# Driven pheasant shoot, United Kingdom style



## gdgli (Aug 24, 2011)

Here is some video. Look for: jumping fences, steadiness, readjusting hold on a crippled pheasant (experienced dogs may roll pheasant to pickup by its back). The videographer, Alistair Mackay, has several videos which you may like.


----------



## gdgli (Aug 24, 2011)

One more video. Look for what I call the English send, young athletic Labs, more fence jumping.


----------



## nolefan (Nov 6, 2009)

THanks for sharing these, I've never seen dogs working in a group like that, they sure do know their job. The video where the deer crosses the field and the looks on all their faces is priceless. Talk about steady with a capital S. Getting to take a trip over there and see this in person would be experience of a lifetime, have you done this?


----------



## gdgli (Aug 24, 2011)

Glad you enjoyed the videos. I have not done an estate shoot. The closest I have gotten to this is the continental shoot at Spring Farm shooting preserve. Not a bad simulation. The movie THE SHOOTING PARTY captures the estate shoots from past, really special events.
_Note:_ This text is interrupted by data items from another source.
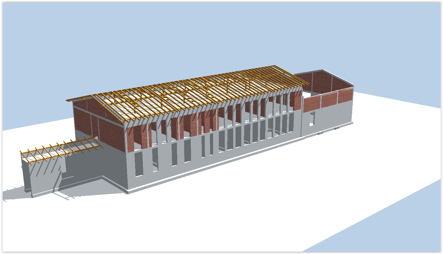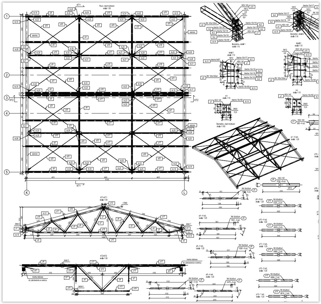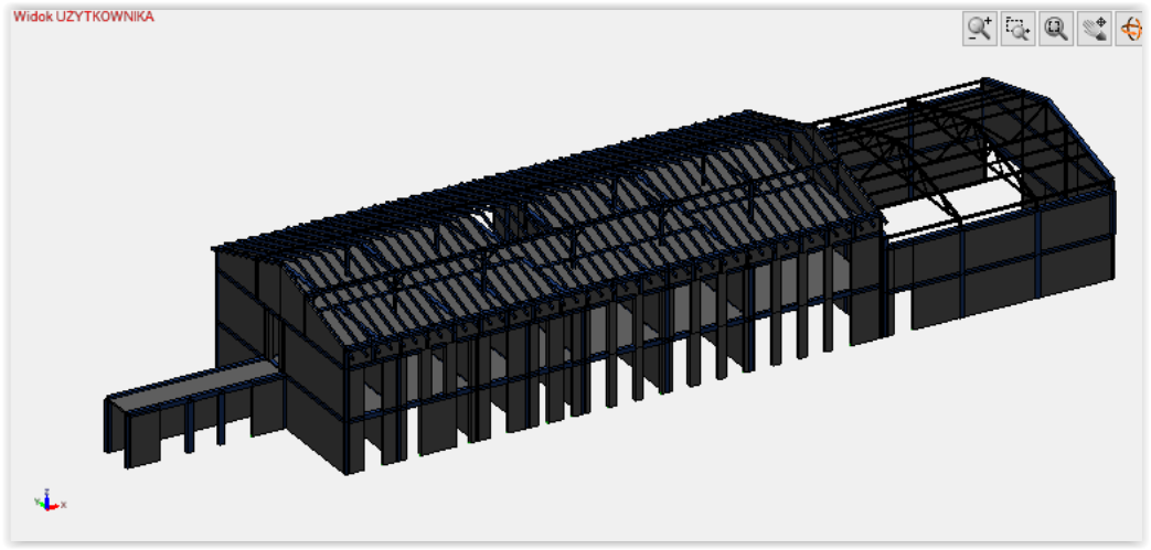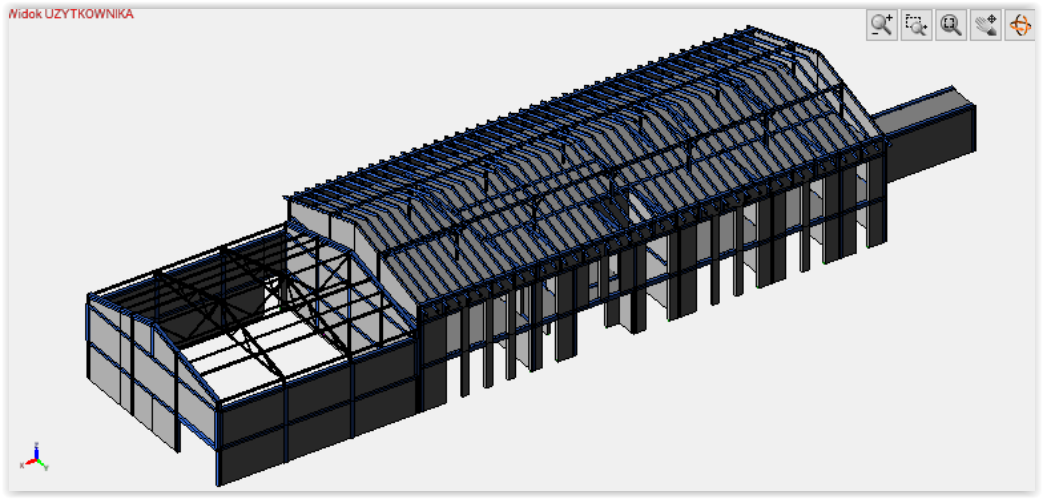 Projektujemy również hale stalowe oraz budynki administracyjno – biurowe. Jednymi z nich były obiekty służące wdrożeniu innowacyjnej technologii wytwarzania nawozów i dodatków paszowych oraz preparatów dedykowanych metodą odzysku. W skład budynków wchodziła hala o przeznaczeniu produkcyjno – magazynowym oraz budynek administracyjno – socjalny wraz z przewiązką łączącą oba obiekty. Układ konstrukcyjny budynku administracyjnego przyjęto głównie jako ścianowy. Ściany nośne zewnętrzne oraz wewnętrzne zaprojektowano jako murowane z pustaków ceramicznych. Lokalnie wprowadzono ściany / filary żelbetowe. Układ ścianowy uzupełniono belkami oraz trzpieniami żelbetowymi. Budynek złożony jest z części głównej o funkcji administracyjno – socjalnej oraz kotłowni zlokalizowanej po wschodniej stronie. Stropy nad parterem oraz I piętrem przewidziano w postaci żelbetowych płyt monolitycznych, wylewanych na budowie. Nad kotłownią konstrukcję zadaszenia przewidziano w postaci trójkątnej kratownicy stalowej wykonanej z elementów gorącowalcowanych. Nad pozostałą częścią budynku przewidziano więźbę drewnianą o konstrukcji płatwiowo – kleszczowej. Posadowienie w sposób bezpośredni w postaci żelbetowych ław i stóp fundamentowych. Hala produkcyjno – magazynowa natomiast to obiekt o układzie ram stalowych rozmieszczonych w rozstawie osiowym wynoszącym 6,0 m. Ramy zaprojektowano o węzłach sztywnych, zaś słupy wsparto na fundamentach w sposób przegubowy. Obiekt przewidziano o zróżnicowanej wysokości – boczne segmenty o wysokości maksymalnej wynoszącej ok. 12 m, segment środkowy natomiast o wysokości ok. 16 m oraz 20 m. Ramy główne zaprojektowano z kształtowników gorącowalcowanych o przekroju dwuteowym HEA oraz HEB. Pomiędzy ramami głównymi zaprojektowano słupy drugorzędne stanowiące konstrukcję wsporczą dla rygli ściennych oraz płyt warstwowych. Posadowienie bezpośrednie na żelbetowych stopach fundamentowych połączonych monolityczną, żelbetową belką podwalinową, na której wsparto słupy drugorzędne. Całość dokumentacji konstrukcyjnej wraz ze zbrojeniem poszczególnych elementów oraz detalami połączeń opracowaliśmy w modelu przestrzennym.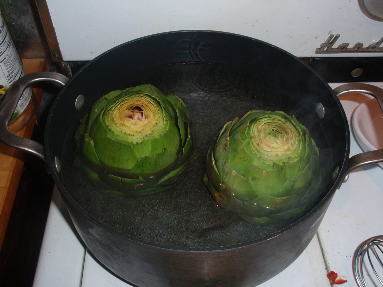 کنگرها را پاک کرده و بشویید و کنگرهای شسته را درون آب جوش و مقدار کمی نمک ریخته و 10 دقیقه بجوشانید.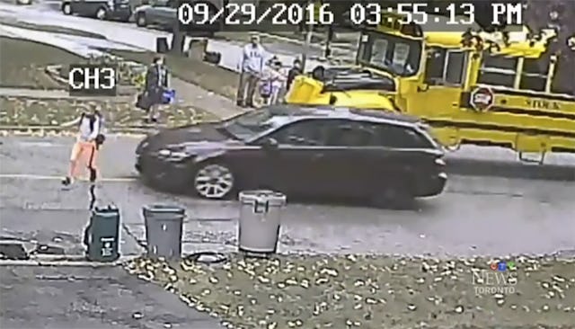 CTV News Toronto has more footage from a nearby security camera that shows the whole incident. The young girl got off the bus, but was talking to some friends so she missed crossing with the bulk of the kids who had gotten off. The driver pulled back the stop sign, but when Rebecca moved to cross, waved her along anyway. At that moment, a car sped around the bus and nearly hit Rebecca.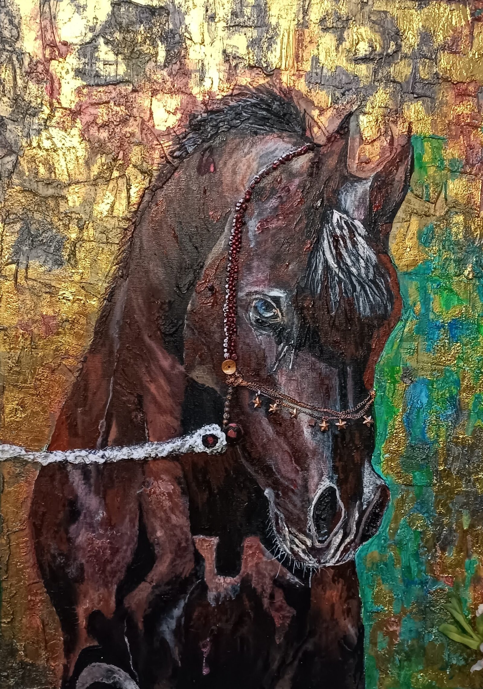 "الحصان" هو تصوير مذهل لحصان أسود قوي، تم تقديمه بتفاصيل معقدة وطبقات محكمة تجعل شخصية الحيوان الرشيقة والقوية تنبض بالحياة. يتناقض معطف الحصان الداكن العميق بشكل جميل مع الخلفية الخضراء والبيضاء الناعمة، مما يخلق تفاعلًا ديناميكيًا بين الضوء والظل. يضيف اللجام المفصل والإبرازات الدقيقة على جسم الحصان العضلي العمق والواقعية، بينما تستحضر ضربات الفرشاة المحكمة إحساسًا بالحركة والطاقة. تجسد هذه القطعة جوهر قوة الحصان وأناقته وروحه النبيلة، وتقدم احتفالًا بصريًا آسرًا بأحد أكثر مخلوقات الطبيعة روعة.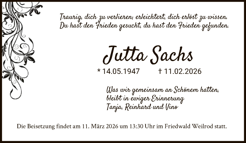 Hier finden Sie alle Traueranzeigen aus der Zeitung, die bisher für Jutta Sachs erschienen sind. Weitere Traueranzeigen, die in der Zeitung erscheinen, werden hier ebenfalls aufgelistet

BTW, across the pond, the walkup birdhunting we do is called "rough shooting".


----------



## fourlakes (Feb 16, 2013)

Beautiful dogs, except they’re LABS ;-)


----------



## gdgli (Aug 24, 2011)

fourlakes said:


> Beautiful dogs, except they’re LABS ;-)
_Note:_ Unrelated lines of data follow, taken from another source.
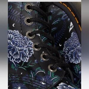Dark florals with a subversive DM’s twist. This reworked edition of our 8-eye boot is built from printed Backhand leather, with gothic florals, cosmic-inspired details and antique silver eyelets. The boot is finished with our signature yellow welt stitching and AirWair heel loop and stands on our durable grooved AirWair sole.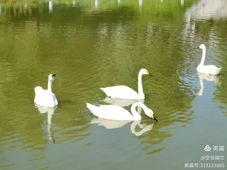 对舞天鹅双黑白,抢粮金鲤共沉浮。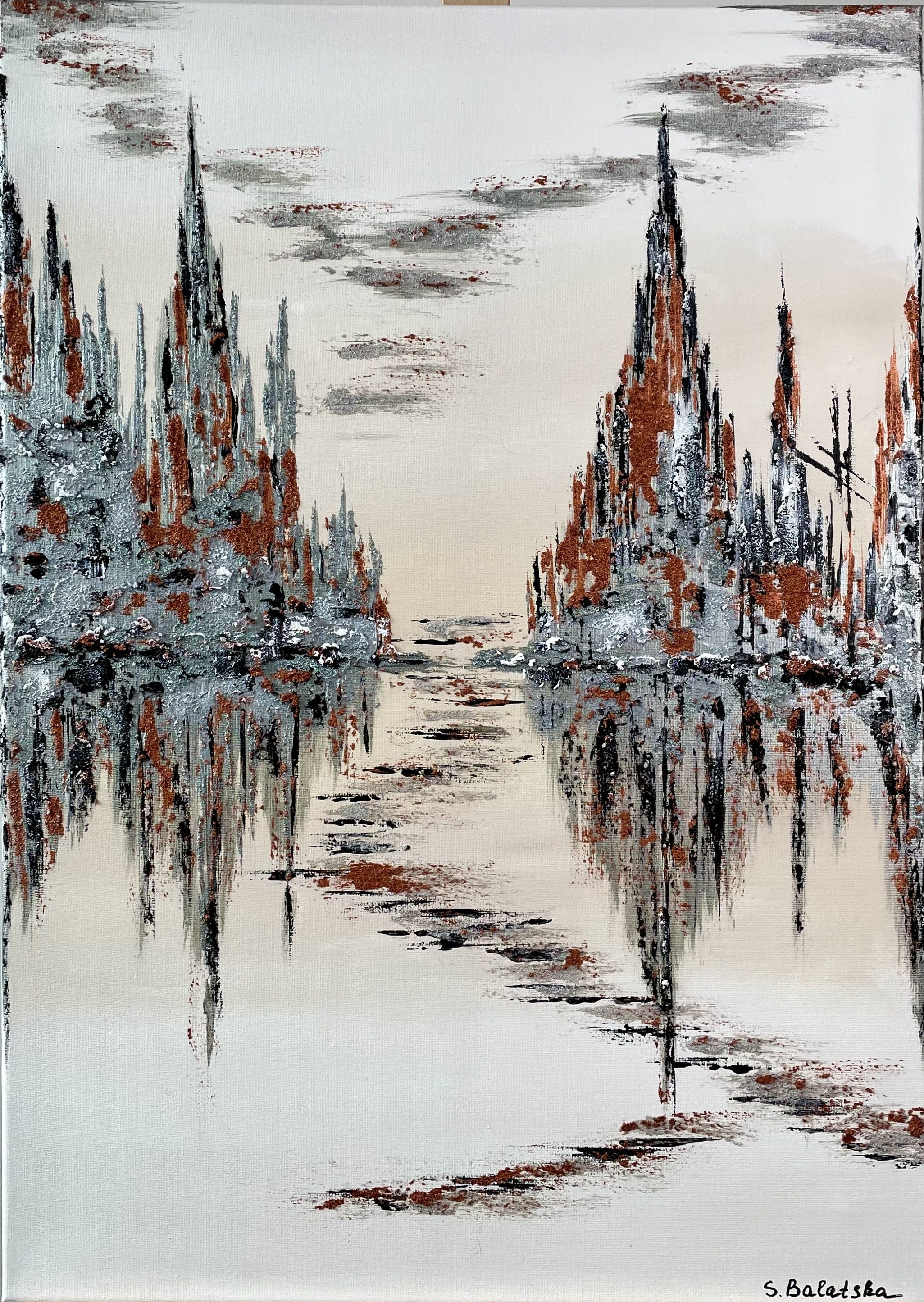 Svitlana Balatska, Modern Abstract City Painting in Silver & Burnt Sienna, 2022 r.

Mackay likes Labs. There is some video showing Spaniels, what looks like a lurcher, and Goldens. However he does not show the Goldens retrieving. The Goldens are definitely working Goldens.


----------



## nolefan (Nov 6, 2009)

These dogs are gorgeous and so fit, it's beautiful to see. I figured we could forgive them for not being GOldens, after all, no one is perfect


----------



## Alaska7133 (May 26, 2011)

In the UK, it's funny they call their field goldens, working golden retrievers. I think that's a great phrase. 

I have a question
What's a peg? A place, a thing, what?


----------



## MillionsofPeaches (Oct 30, 2012)

I really enjoy the comaradery and fun the English seem to have with their field dogs. Its different here I think.


----------



## gdgli (Aug 24, 2011)

Alaska7133 said:


> In the UK, it's funny they call their field goldens, working golden retrievers. I think that's a great phrase.
> 
> I have a question
> What's a peg? A place, a thing, what?


A peg may also be called a stand or butt. At our shoots some stands are protected by hay bales or earthen walls. That is where the shooters stand.


----------